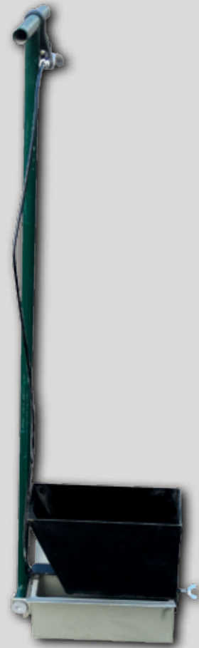
Ziehschuh mit Dosierbehälter
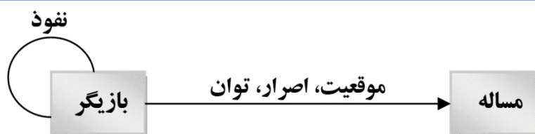
شکل ۱: اجزای تحلیل رفتار بازیگران در MACTOR

ماتریس‌های نفوذ (MDI) ۱ و اصرار (2MAO) ۲ در واقع دو ورودی نرم‌افزار MACTOR هستند و نرم‌افزار مبتنی بر این دو، کلیدی‌ترین بازیگران و موقعیت، توان، واگرایی و همگرایی بازیگران را ارزیابی می‌کند.

→ **Task to complete**:
Scan the material for lines holding the word "بازیگران", count them, and give the result alone.

→ **Exercise answer**:
2